Even if he handed them over to the Norlandia Alliance, they would most likely end up confined in a Pokémon Prison.
Releasing them gave them a harder life, but a free one. That was worth something.
The side effect — nearly thirty former terrorist Pokémon suddenly loose in the streets of Lune Town — would certainly cause chaos. The local powers controlling this town would have their hands full dealing with the fallout.
Outside, Nova's assault on the bazaar had already drawn attention from every gang in the area. A cluster of onlookers lingered at a safe distance, watching the building and trading theories in low voices.
"Did you hear? It's an agent from the Advent Church — took out Original Team's whole hideout in one strike."
"Your sources are all over the place. Safest told me it was a chemist Taylor had hired. The deal went bad and they turned on each other."
"Think about it for a second. Who else would dare hit Original Team head-on like this? If I'm wrong, I'll eat my words."
"Could be Alliance Security coming in for an arrest?"
"Don't be such a Wimpod. If Security were here, the whole town would be locked down with cordons. Would it be this quiet?"
While they were still debating, someone spotted movement inside the half-ruined bazaar.
Nearly thirty Pokémon burst out through the collapsed entrance in a pack, wild-eyed and agitated.
"W-what is that?!"
"Those are Original Team's Pokémon — why are they all loose?!"
"Stop standing there staring — run! If they catch you, that's your problem!"
The streets emptied fast.
By the time Nova stepped out of the rubble, the area around the bazaar was completely deserted.
He had Nidoking use Earthquake twice, then follow up with Earth Power.
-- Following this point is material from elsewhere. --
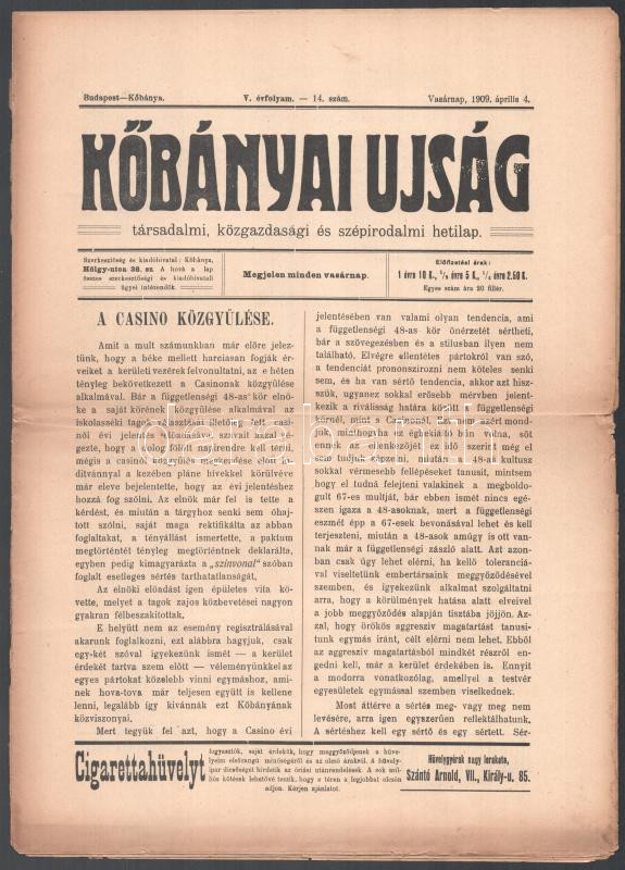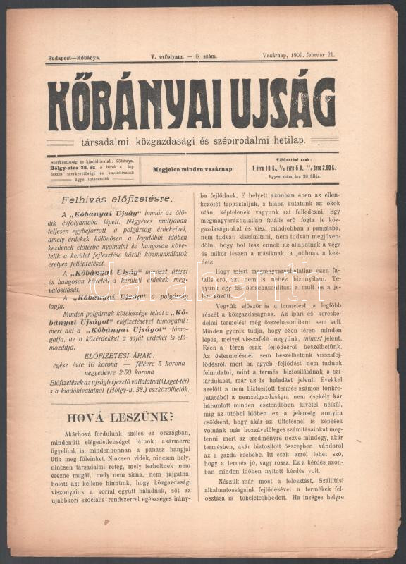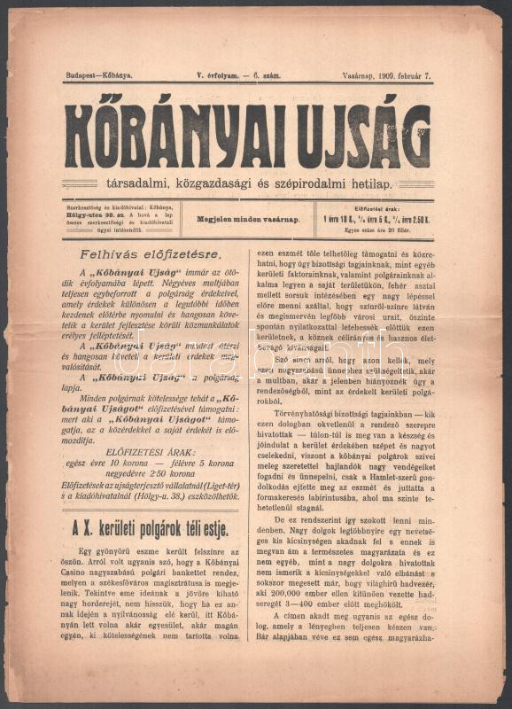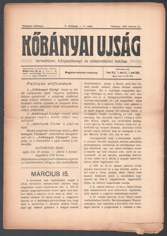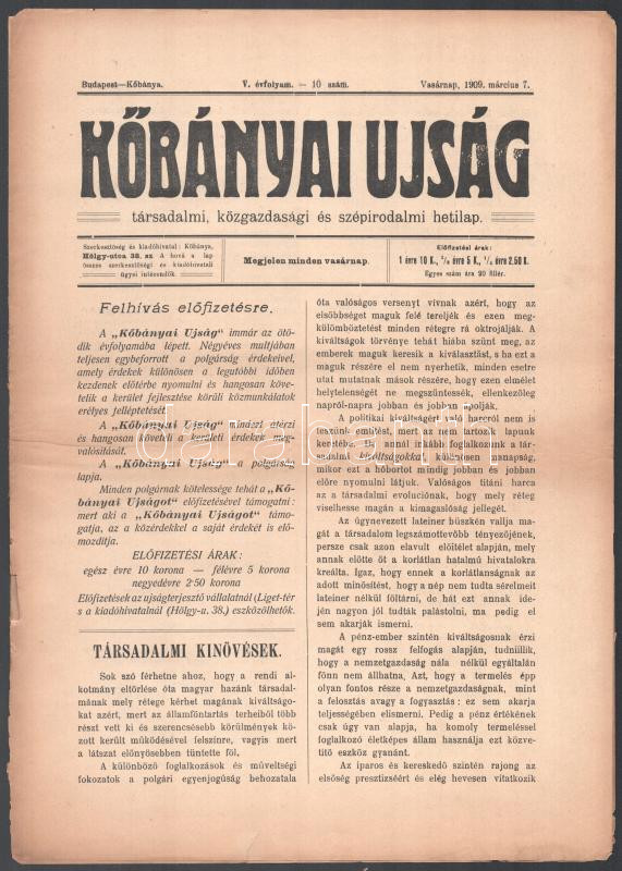 1909 A Kőbányai Újság 11db száma https://www.darabanth.com/hu/471-Gyorsarveres/471.0/Mutargy-papirregiseg-egyeb/Nyomtatvanyok~1000015/1909-A-Kobanyai-Ujsag-11db-szama~II3172970
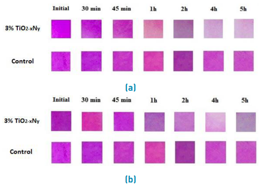 The gradual degradation of the dye is illustrated in the photos shown in Figure 7. Specimens with 3% of TiO2-xNy showed a higher self-cleaning property under UV-vis irradiation with respect to the control samples (0%).

The remaining structure of the bazaar came down in pieces, reduced to broken bricks and dust. Whatever evidence might have connected the scene back to Nova was buried under it.
The only section he left standing was the finance office. He intended to come back for that safe once he had a way to get past a lock like that.
He had no idea the gangs outside had already tagged him as an agent of the Advent Church, or what kind of history that organization had with Original Team. That was a problem for another time.
His immediate concern was getting to Forest City. The Tamar Desert stretched for thousands of kilometres, and crossing it on a mountain bike was simply not possible. He would need to return to Harmony City first and find another way.
Once again, Nova felt the inconvenience of not having a Pokémon that could carry him over long distances. Back when Nidorino had been able to keep pace on the road, it had been enough. But now that it had evolved into Nidoking, that option was long gone. His best hope was that Corvisquire would evolve soon and grow large enough to fly him.
He glanced at the bird perched nearby — still at level 25, nowhere close to its next evolution — and let out a quiet sigh.
No choice. He would pedal.
The ride back was uneventful. Neither the locals of Lune Town nor any wild Pokémon from the desert gave him any trouble, and by the following dawn Nova rolled back into Harmony City.